Not quite correct. A traditional math degree is quite good preparation to pass some of the exams to become a “Fellow” of the Society of Actuaries and get a job as an Actuary, with an average base salary of about $175K, and potential for much more in higher management. But, there are only about 30K “Fellows” of the SoA.
That students at a name Catholic school show no interest in Theology and Religious Studies is a bit of an eye-opener.
Curious that student interest drives this. In the extreme at a “research university”, departments and scholars within them generate their own revenue and reputation from research, while students, esp undergrads, are at best annoying distractions.

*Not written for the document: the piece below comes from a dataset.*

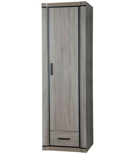 Armoire Lorelie 117, Truffe chêne, 192x58x58cm, Portes d'armoire: Avec des charnières, Nombre d'étagères: 0 Caractéristiques Largeur: 58 cm Origine: Union européenne Portes d'armoire: Avec des charnières Miroir: Absent Hauteur: 192 cm Profondeur: 58 cm Poids: 61 kg Matière principale: Stratifié Nombre de tiroirs: 1 pcs. Pieds: Absent Poignées: Plastique Épaisseur bâti: 1.6 cm Épaisseur du panneau de façade: 1.6 cm Épaisseur de la plaque supérieure: 4.8 cm Autre(s) matière(s): MDF Autre(s) matière(s): ABS Le nombre de portes: 1 pcs. Couleur: Truffe chêne Código de producto: 170147 Bords protégés par de l'ABS Les bords des meubles sont recouverts d'une bande de finition - ce matériau en plastique résistant est généralement utilisé pour protéger les arêtes des meubles. Fabriqué dans l'Union Européenne ...

Read about this Friday. Marymount is my daughter’s alma mater where she earned a degree in Theology, minor in Psychology, in 2010. She went on to get a doctorate in Psychology (elsewhere).

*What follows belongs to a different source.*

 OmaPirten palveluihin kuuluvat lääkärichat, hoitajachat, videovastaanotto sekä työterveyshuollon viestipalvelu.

As a chemistry major who went into medicine I had often questioned the value of Liberal Arts majors. However her liberal arts background served her quite well, focusing on writing, reasoning, critical thinking and analysis.
It is sad that Marymount, which was founded by the Religious of the Sacred Heart of Mary, no longer offers a degree in Theology.
It is sad to see the elimination of most of the true liberal arts, but we all realize that those programs were hardest hit by leftism, really starting with the influx of frankfurt school acolytes in the early 20th C. So it isn’t as if a great edifice of learning is being torn down. That happened a long time ago.
But so-called higher education was established to replenish academia primarily, not to serve as a jobs training program. it is sad to see nearly every liberal arts institution go STEM-addled because parents want little Maddie/Paris/Isabella or Hunter/Tanner/Gatherer to graduate in “science;” the dark reality is most will probably work unhappily in a cubicle just long enough to learn their job so that they can efficiently train their H-1B replacement.
Of course higher ed has indeed bought into job training as core mission rather than education. And it has done so as a means of survival. But if you’re going to do job training the right way, then the resources being repurposed in these institutions to small “STEM” programs of uneven quality would be far better directed to the teaching of real-world salable skills like plumbing, electrical, welding, auto repair, construction, and agriculture. Maybe 1 in 10 belong in what has been understood as higher education. The rest are communications majors or worse, and would live better lives doing something with real-world application.
Look at the bigger picture. College enrollment peaked in the last decade, and now is significantly lower and headed down further. The long-predicted shakeout in higher ed is nigh. “Liberal arts colleges, may you live in interesting times.”